OpenAI is OK. GPT5 wasn't any better than 4o or 4.1. Main issues were: dropping content like headers/footers, loses it's mind on sideways pages, and will frequently refuse to read things like ID documents, health care forms, or things it judges to have too much PII.

62. veidr ◴[] No.45651460[source]
Clearly-printed text to a sequence of characters is solved, for use cases that don't require 100% accuracy.

But not for semantic document structure — recognizing that the grammatically incomplete phrase in a larger font is a heading, recognizing subheadings and bullet lists, tables, etc.

Also not for handwritten text, text inside of images (signage and so forth), or damaged source material (old photocopies and scans created in the old days).
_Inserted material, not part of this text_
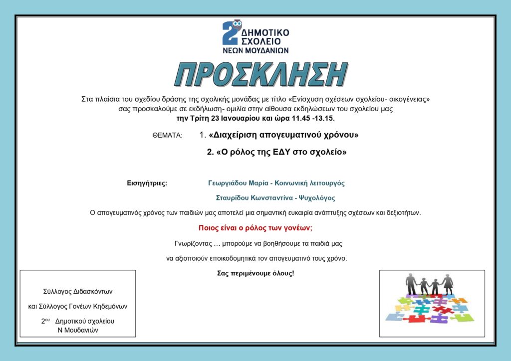 Την Τρίτη 23 Ιανουαρίου πραγματοποιήθηκε στην αίθουσα εκδηλώσεων του Δημοτικού Σχολείου ενημερωτική ομιλία με θέματα τον ρόλο της ΕΔΥ στο σχολικό πλαίσιο και την αξιοποίηση του απογευματινού χρόνου για την ανάπτυξη των δεξιοτήτων των μαθητών και την ενδυνάμωση της σχέσης γονέων -παιδιών.
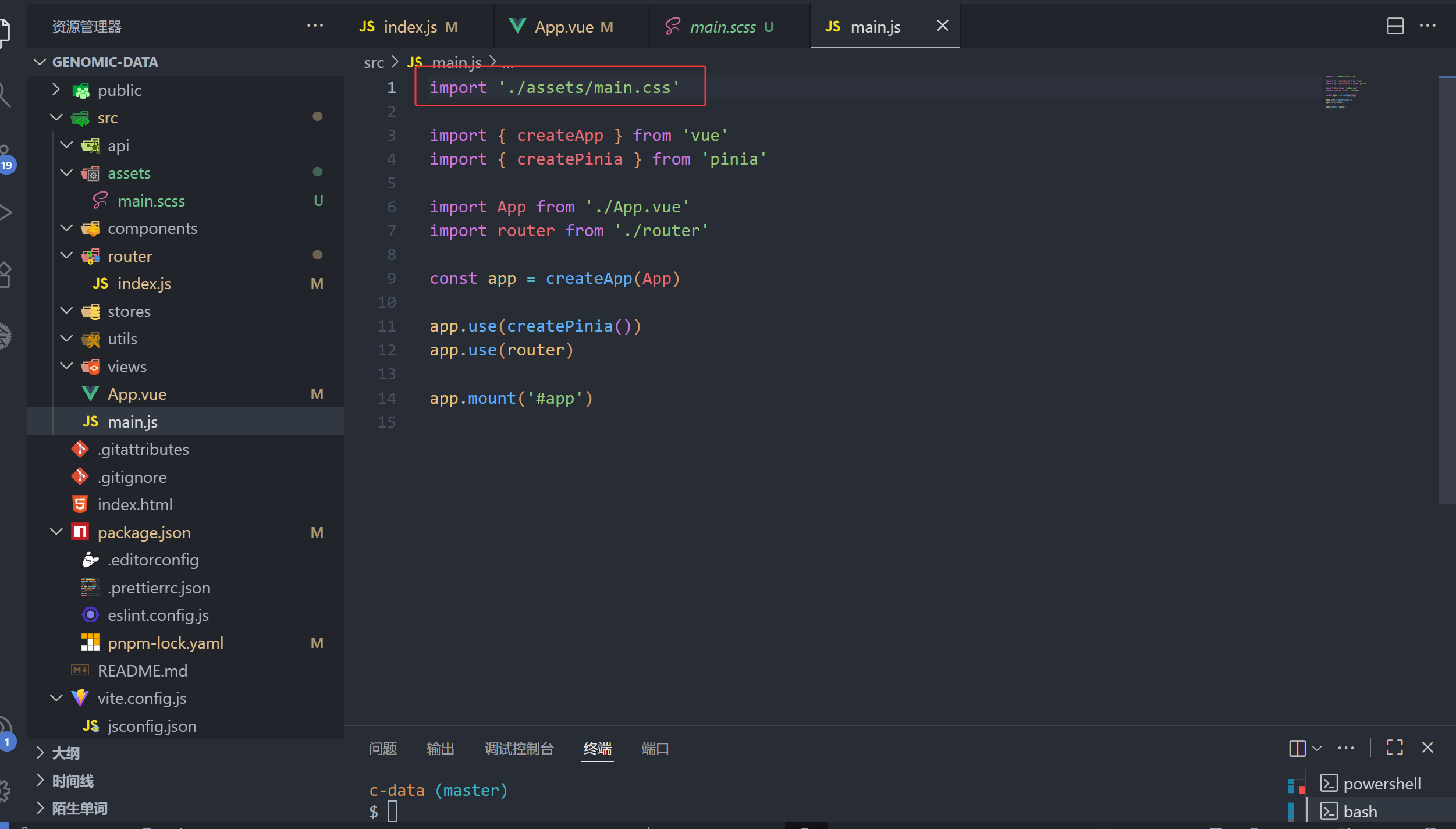 import { createApp } from 'vue'import pinia from './stores'import App from './App.vue'

Those areas all seem to me where an LLM-based approach could narrow the gap between machine recognition and humans. You have to sort of reason about it from the context as a human to figure it out, too.

63. dajonker ◴[] No.45674352{3}[source]
Try MinerU 2.5 with two-step parsing. It gives good results with bounding boxes per block. Not sure if you can get it to do more detailed such as word or character level.